County of Carmarthenshire

Red Kit Milvus milvus ©Wikimedia

Vice County No: 44

Carmarthenshire (Welsh: Sir Gaerfyrddin) is a vice-count and a unitary authority in the south west of Wales and the largest of the thirteen historic counties. It is a large county with a very varied environment. The county is bounded to the north by Ceredigion, to the east by Powys, Neath Port Talbot and Swansea, to the south by the Atlantic Ocean and to the west by Pembrokeshire. The three largest towns are Llanelli, Carmarthen and Ammanford. Carmarthen is the county town and administrative centre of Carmarthenshire but the most populous settlement is Llanelli.

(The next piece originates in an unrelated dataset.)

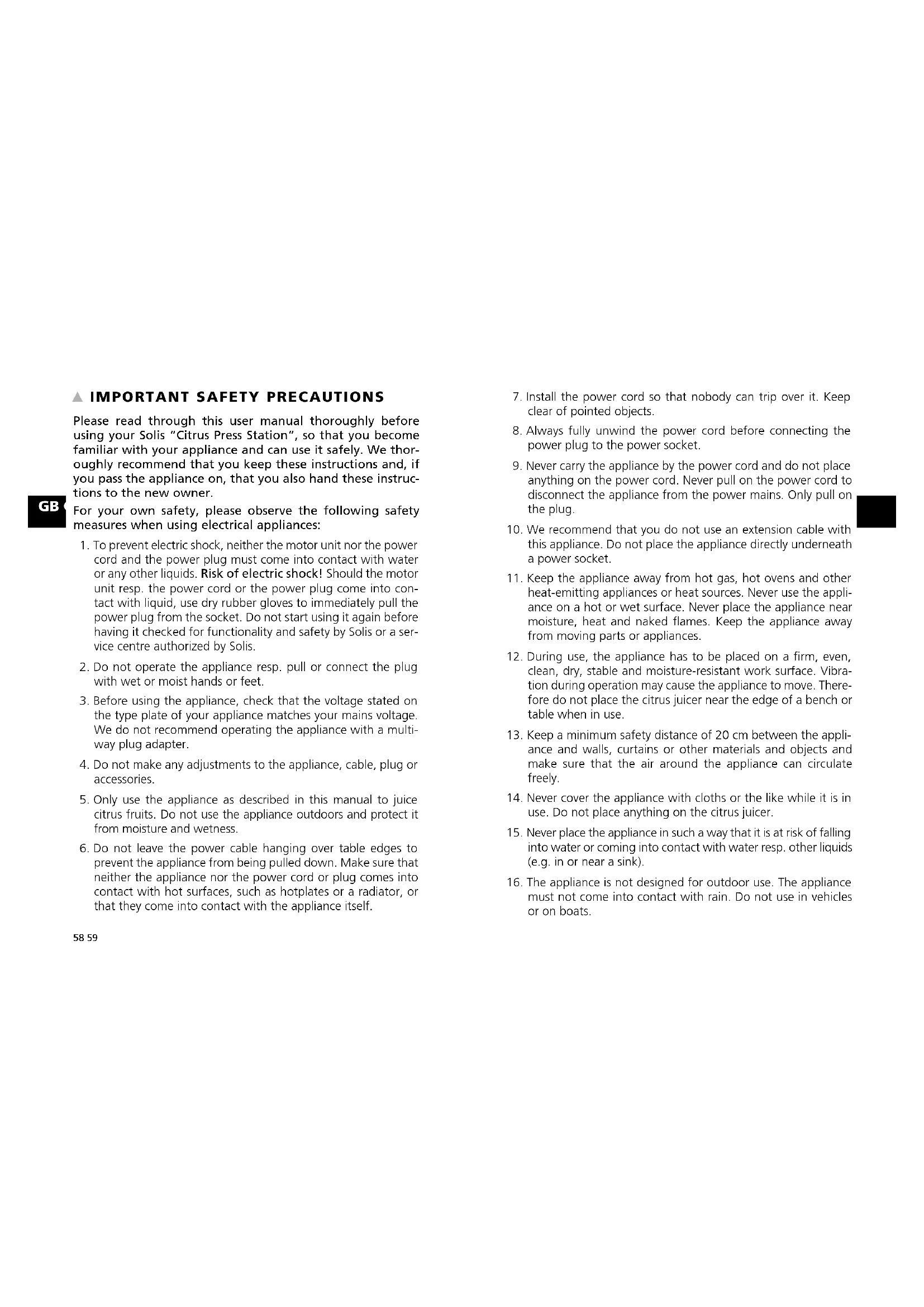 Please read through this user manual thoroughly before using your Solis “Citrus Press Station”, so that you become familiar with your appliance and can use it safely. We thor- oughly recommend that you keep these instructions and, if you pass the appliance on, that you also hand these instruc- tions to the new owner. For your own safety, please observe the following safety measures when using electrical appliances:

Carmarthenshire is mainly an agricultural county, apart from the southeastern part which at one time was heavily-industrialised with coal mining, steel-making and tin-plating. In the north of the county the woollen industry was very important in the 18th century. Nowadays the economy of the county depends on agriculture, forestry, fishing and tourism. The best agricultural land is in the broad Tywi Valley, especially its lower reaches. With its fertile land and agricultural produce, Carmarthenshire is known as the ‘Garden of Wales’.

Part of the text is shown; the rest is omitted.